Bello Busco, molto bello, grazie...


----------



## Old giulia (3 Febbraio 2009)

MK ha detto:


> la felicità è un valore aggiunto, un modo di essere, una sensazione, arriva spontaneamente. Non dipende dalle cose o dalle persone. E' quando l'energia scorre.


 
Perchè il sabato significa felicità... c'è un'energia nell'aria quasi tangibile... se ne accorge anche la mia cagnolina...


----------



## Persa/Ritrovata (3 Febbraio 2009)

Io mi sono sentita davvero felice quando sono nati i miei figli.
A


----------



## MK (4 Febbraio 2009)

Persa/Ritrovata ha detto:


> Io mi sono sentita davvero felice quando sono nati i miei figli.
> A


Anche. Vero. Ma questo tipo di felicità fa parte dell'essere o dell'avere?


----------



## Alce Veloce (4 Febbraio 2009)

MK ha detto:


> la felicità è un valore aggiunto, un modo di essere, una sensazione, arriva spontaneamente. Non dipende dalle cose o dalle persone. *E' quando l'energia scorre*.

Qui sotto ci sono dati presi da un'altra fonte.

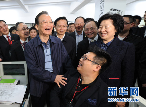 4月1日至3日,中共中央政治局常委、國務(wù)院總理溫家寶在廣西欽州,福建泉州、莆田、福州等地就經(jīng)濟(jì)運行情況進(jìn)行調(diào)研。這是4月2日,溫家寶在泉州七匹狼體育用品公司考察時與員工親切交談。 新華社記者馬占成攝

Hai dato la risposta più semplice ed esaustva alla tua domanda.
La felicità è appagamento in un percorso, tanto quanto la pace è completezza dello stesso.


----------



## Nobody (4 Febbraio 2009)

MK ha detto:


> Anche. Vero. *Ma questo tipo di felicità fa parte dell'essere o dell'avere*?


 Ora c'è una felicità dell'essere e una felicità dell'avere?


----------



## Alce Veloce (4 Febbraio 2009)

moltimodi ha detto:


> Ora c'è una felicità dell'essere e una felicità dell'avere?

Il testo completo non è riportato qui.